RECORDS TO PROCESS START

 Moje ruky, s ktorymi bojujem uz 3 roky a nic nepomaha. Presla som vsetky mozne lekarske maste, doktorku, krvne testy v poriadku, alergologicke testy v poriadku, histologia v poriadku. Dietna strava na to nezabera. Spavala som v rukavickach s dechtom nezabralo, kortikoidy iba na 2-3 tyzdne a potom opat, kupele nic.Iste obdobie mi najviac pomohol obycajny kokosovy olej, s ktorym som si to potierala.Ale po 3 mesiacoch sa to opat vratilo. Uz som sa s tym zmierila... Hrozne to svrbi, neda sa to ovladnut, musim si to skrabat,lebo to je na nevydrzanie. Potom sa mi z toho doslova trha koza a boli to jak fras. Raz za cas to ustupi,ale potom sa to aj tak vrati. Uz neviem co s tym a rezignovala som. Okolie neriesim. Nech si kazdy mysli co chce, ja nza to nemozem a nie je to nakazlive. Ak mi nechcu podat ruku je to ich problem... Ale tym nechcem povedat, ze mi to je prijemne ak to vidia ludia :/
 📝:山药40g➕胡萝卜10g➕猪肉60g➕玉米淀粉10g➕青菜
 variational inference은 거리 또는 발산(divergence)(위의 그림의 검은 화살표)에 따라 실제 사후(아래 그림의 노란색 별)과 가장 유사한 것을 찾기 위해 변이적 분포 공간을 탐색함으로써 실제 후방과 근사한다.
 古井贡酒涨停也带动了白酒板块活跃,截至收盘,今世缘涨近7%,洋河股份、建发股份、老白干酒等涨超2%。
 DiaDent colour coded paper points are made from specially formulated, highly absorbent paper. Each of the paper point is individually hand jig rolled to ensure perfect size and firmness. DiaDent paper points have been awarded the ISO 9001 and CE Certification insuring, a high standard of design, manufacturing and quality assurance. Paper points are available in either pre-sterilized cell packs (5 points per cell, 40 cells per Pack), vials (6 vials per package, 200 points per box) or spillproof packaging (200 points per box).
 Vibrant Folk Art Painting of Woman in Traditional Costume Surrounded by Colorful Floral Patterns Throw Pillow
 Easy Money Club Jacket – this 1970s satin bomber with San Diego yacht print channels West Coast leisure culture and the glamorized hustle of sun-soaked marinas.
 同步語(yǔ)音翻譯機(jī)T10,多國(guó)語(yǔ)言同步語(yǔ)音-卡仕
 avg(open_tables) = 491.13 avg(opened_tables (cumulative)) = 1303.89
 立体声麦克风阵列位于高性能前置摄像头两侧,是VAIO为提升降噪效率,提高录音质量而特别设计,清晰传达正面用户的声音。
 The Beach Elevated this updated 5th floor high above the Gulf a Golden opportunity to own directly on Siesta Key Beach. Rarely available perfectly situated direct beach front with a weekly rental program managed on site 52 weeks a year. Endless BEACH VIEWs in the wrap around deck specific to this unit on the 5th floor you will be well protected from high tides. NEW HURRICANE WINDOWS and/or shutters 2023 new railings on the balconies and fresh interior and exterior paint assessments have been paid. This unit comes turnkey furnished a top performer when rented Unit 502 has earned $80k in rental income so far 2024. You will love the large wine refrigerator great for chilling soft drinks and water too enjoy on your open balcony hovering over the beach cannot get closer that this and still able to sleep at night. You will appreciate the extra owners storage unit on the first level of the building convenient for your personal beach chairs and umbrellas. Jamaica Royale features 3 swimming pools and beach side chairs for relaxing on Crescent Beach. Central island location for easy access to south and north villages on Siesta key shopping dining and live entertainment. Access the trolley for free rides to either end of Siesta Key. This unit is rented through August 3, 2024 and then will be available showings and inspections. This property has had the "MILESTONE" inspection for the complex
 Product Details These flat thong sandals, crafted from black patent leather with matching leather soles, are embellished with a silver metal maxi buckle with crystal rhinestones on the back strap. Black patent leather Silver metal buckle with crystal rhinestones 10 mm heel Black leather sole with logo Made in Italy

RECORDS TO PROCESS END

EXERCISE REQUIREMENTS => Return the records above in their entirety, exactly as they appear.

OUTPUT FOR THIS TASK =>
 Moje ruky, s ktorymi bojujem uz 3 roky a nic nepomaha. Presla som vsetky mozne lekarske maste, doktorku, krvne testy v poriadku, alergologicke testy v poriadku, histologia v poriadku. Dietna strava na to nezabera. Spavala som v rukavickach s dechtom nezabralo, kortikoidy iba na 2-3 tyzdne a potom opat, kupele nic.Iste obdobie mi najviac pomohol obycajny kokosovy olej, s ktorym som si to potierala.Ale po 3 mesiacoch sa to opat vratilo. Uz som sa s tym zmierila... Hrozne to svrbi, neda sa to ovladnut, musim si to skrabat,lebo to je na nevydrzanie. Potom sa mi z toho doslova trha koza a boli to jak fras. Raz za cas to ustupi,ale potom sa to aj tak vrati. Uz neviem co s tym a rezignovala som. Okolie neriesim. Nech si kazdy mysli co chce, ja nza to nemozem a nie je to nakazlive. Ak mi nechcu podat ruku je to ich problem... Ale tym nechcem povedat, ze mi to je prijemne ak to vidia ludia :/
 📝:山药40g➕胡萝卜10g➕猪肉60g➕玉米淀粉10g➕青菜
 variational inference은 거리 또는 발산(divergence)(위의 그림의 검은 화살표)에 따라 실제 사후(아래 그림의 노란색 별)과 가장 유사한 것을 찾기 위해 변이적 분포 공간을 탐색함으로써 실제 후방과 근사한다.
 古井贡酒涨停也带动了白酒板块活跃,截至收盘,今世缘涨近7%,洋河股份、建发股份、老白干酒等涨超2%。
 DiaDent colour coded paper points are made from specially formulated, highly absorbent paper. Each of the paper point is individually hand jig rolled to ensure perfect size and firmness. DiaDent paper points have been awarded the ISO 9001 and CE Certification insuring, a high standard of design, manufacturing and quality assurance. Paper points are available in either pre-sterilized cell packs (5 points per cell, 40 cells per Pack), vials (6 vials per package, 200 points per box) or spillproof packaging (200 points per box).
 Vibrant Folk Art Painting of Woman in Traditional Costume Surrounded by Colorful Floral Patterns Throw Pillow
 Easy Money Club Jacket – this 1970s satin bomber with San Diego yacht print channels West Coast leisure culture and the glamorized hustle of sun-soaked marinas.
 同步語(yǔ)音翻譯機(jī)T10,多國(guó)語(yǔ)言同步語(yǔ)音-卡仕
 avg(open_tables) = 491.13 avg(opened_tables (cumulative)) = 1303.89
 立体声麦克风阵列位于高性能前置摄像头两侧,是VAIO为提升降噪效率,提高录音质量而特别设计,清晰传达正面用户的声音。
 The Beach Elevated this updated 5th floor high above the Gulf a Golden opportunity to own directly on Siesta Key Beach. Rarely available perfectly situated direct beach front with a weekly rental program managed on site 52 weeks a year. Endless BEACH VIEWs in the wrap around deck specific to this unit on the 5th floor you will be well protected from high tides. NEW HURRICANE WINDOWS and/or shutters 2023 new railings on the balconies and fresh interior and exterior paint assessments have been paid. This unit comes turnkey furnished a top performer when rented Unit 502 has earned $80k in rental income so far 2024. You will love the large wine refrigerator great for chilling soft drinks and water too enjoy on your open balcony hovering over the beach cannot get closer that this and still able to sleep at night. You will appreciate the extra owners storage unit on the first level of the building convenient for your personal beach chairs and umbrellas. Jamaica Royale features 3 swimming pools and beach side chairs for relaxing on Crescent Beach. Central island location for easy access to south and north villages on Siesta key shopping dining and live entertainment. Access the trolley for free rides to either end of Siesta Key. This unit is rented through August 3, 2024 and then will be available showings and inspections. This property has had the "MILESTONE" inspection for the complex
 Product Details These flat thong sandals, crafted from black patent leather with matching leather soles, are embellished with a silver metal maxi buckle with crystal rhinestones on the back strap. Black patent leather Silver metal buckle with crystal rhinestones 10 mm heel Black leather sole with logo Made in Italy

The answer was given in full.